Genes in Predicting Outcome of Patients With DLBCL Treated With Rituximab and Combination Chemotherapy (R-CHOP) (R-CHOP)

This study has been terminated.
(Investigator Decision due to insufficient accrual.)
Sponsor:
Information provided by (Responsible Party):
Izidore Lossos, University of Miami
ClinicalTrials.gov Identifier:
NCT00450385
First received: March 20, 2007
Last updated: June 1, 2016
Last verified: June 2016
  Purpose
The investigators hypothesize that survival of newly diagnosed DLBCL (diffuse large B-cell lymphoma) patients treated with R-CHOP can be predicted by RNA or protein gene expression or by presence of biomarkers associated with the anti-tumor effects of Rituximab.

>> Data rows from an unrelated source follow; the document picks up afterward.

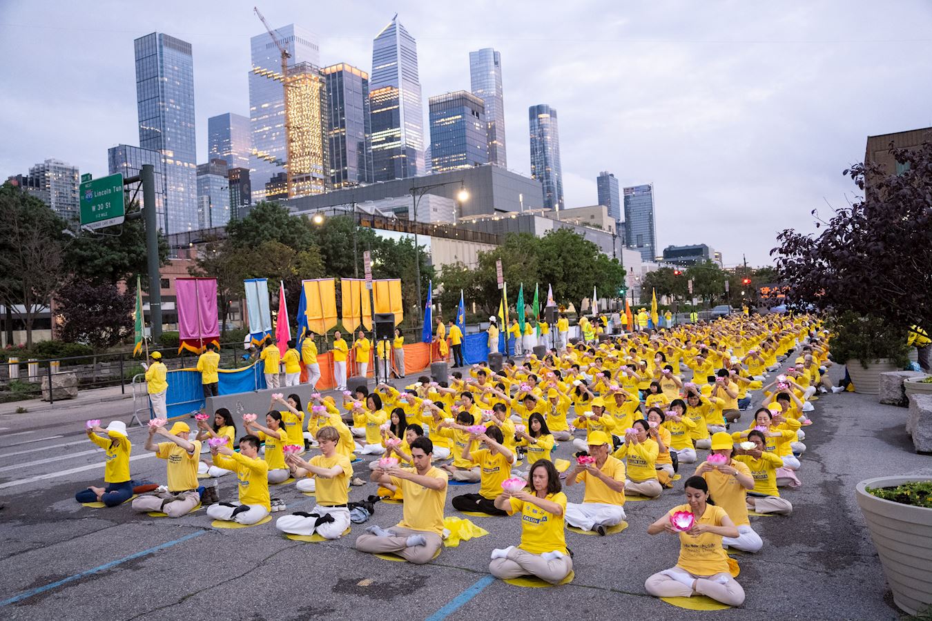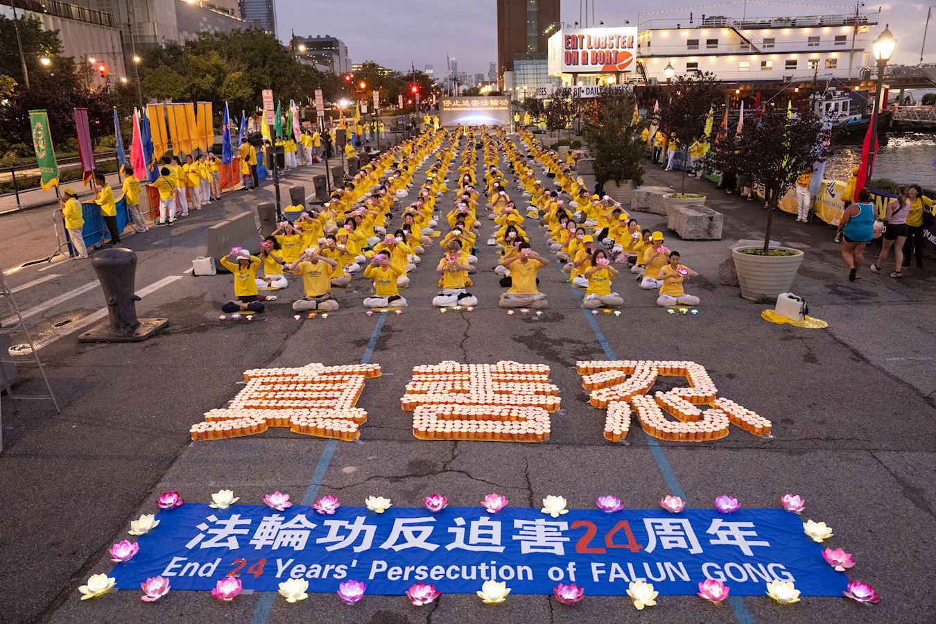'图1~5:二零二三年七月十六日晚,纽约部份中西族裔法轮功学员,来到曼哈顿的中领馆前举办“七·二零”烛光夜悼活动。'
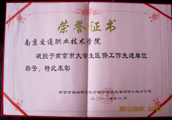 12月31日,在南京市大学生医保工作表彰大会上,学院获得“南京市大学生医保工作先进单位”荣誉称号。张丽君同志被评为“南京市大学生医保工作先进个人”。
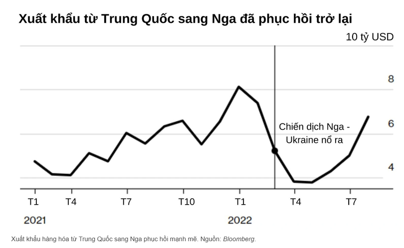 Tháng trước, Nga đã nhập khẩu gần 6,7 tỷ USD hàng hóa Trung Quốc, tăng hơn 20% so với năm ngoái. Hãng thông tấn Tass hôm 17/8 đã dẫn lời một quan chức Nga dự báo rằng thương mại song phương giữa hai nước có thể tăng hơn 30% lên 190 tỷ USD trong năm nay.
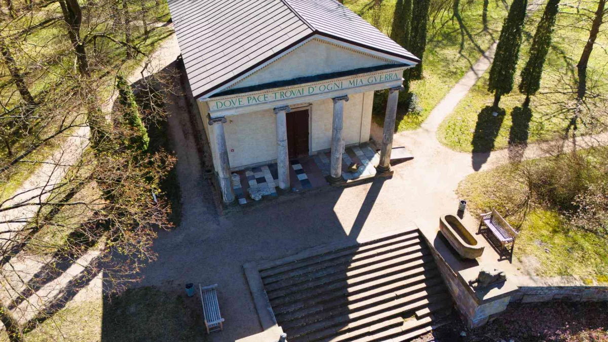 W ogrodzie odnajdziemy wiele zabytkowych budowli – nie tylko pięknych, ale też pełnych znaczeń.
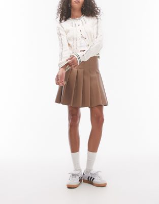 Topshop - Geplooide minirok van imitatieleer in koffiebruin

Condition Intervention Phase
Lymphoma
Drug: Rituximab
Drug: Cyclophosphamide
Drug: Doxorubicin
Drug: Prednisone
Drug: Vincristine
Genetic: Lymphoma Tissue Specimen
Phase 2

Study Type: Interventional
Study Design: Intervention Model: Single Group Assignment
Masking: Open Label
Primary Purpose: Treatment
Official Title: Phase II Study to Establish Gene Expression Models Predicting Survival of Diffuse Large B-Cell Lymphoma Patients Treated With R-CHOP

Resource links provided by NLM:


Further study details as provided by University of Miami:

Primary Outcome Measures:
  • Estimated Rate of Overall Survival at 30 Months in DLBCL Patients Receiving R-CHOP Therapy. [ Time Frame: 30 months ] [ Designated as safety issue: No ]
    The investigators aim to determine a list of genes and construct survival prediction model(s) that will predict the overall survival at 30 months in DLBCL patients prospectively treated with R-CHOP chemotherapy. Overall survival time will be calculated from the date of the diagnosis until death or last follow-up examination.

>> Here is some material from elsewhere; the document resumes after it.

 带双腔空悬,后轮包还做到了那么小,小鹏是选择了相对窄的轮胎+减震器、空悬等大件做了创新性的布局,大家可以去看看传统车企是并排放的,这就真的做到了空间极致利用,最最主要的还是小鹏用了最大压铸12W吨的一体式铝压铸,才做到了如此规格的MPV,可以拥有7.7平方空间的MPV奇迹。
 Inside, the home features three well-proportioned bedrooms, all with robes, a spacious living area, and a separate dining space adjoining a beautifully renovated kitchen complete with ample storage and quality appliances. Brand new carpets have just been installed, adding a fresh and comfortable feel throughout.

  • Estimated Rate of Overall Survival at 24-Months in DLBCL Patients receiving R-CHOP Therapy [ Time Frame: 24 Months ] [ Designated as safety issue: No ]
    The investigators aim to determine the usefulness of biomarkers associated with the antitumor effects of rituximab (e.g. immunoglobulin GFc receptor genotypes, CD20 protein expression and gene expression profiles) to predict overall survival of DLBCL patients treated with R-CHOP therapy and followed for at least 24 months or until death. Overall survival time will be calculated from the date of the diagnosis until death or last follow-up examination.

  • Estimated Overall Survival Rate in DLBCL Patients Receiving R-CHOP Therapy [ Time Frame: 2 Years ] [ Designated as safety issue: No ]
    The investigators will compare the ability of constructed survival models to predict survival in DLBCL. Overall survival time will be calculated from the date of the diagnosis until death or last follow-up examination.


Secondary Outcome Measures:
  • Estimated Time to Treatment Failure in DLBCL Patients Receiving R-CHOP Therapy [ Time Frame: 24 Months ] [ Designated as safety issue: No ]
    The investigators aim to determine the ability of the models and/or biomarkers associated with the anti-tumor effects of rituximab to predict 24-month time to treatment failure, defined as disease progression, death or initiation of new treatment.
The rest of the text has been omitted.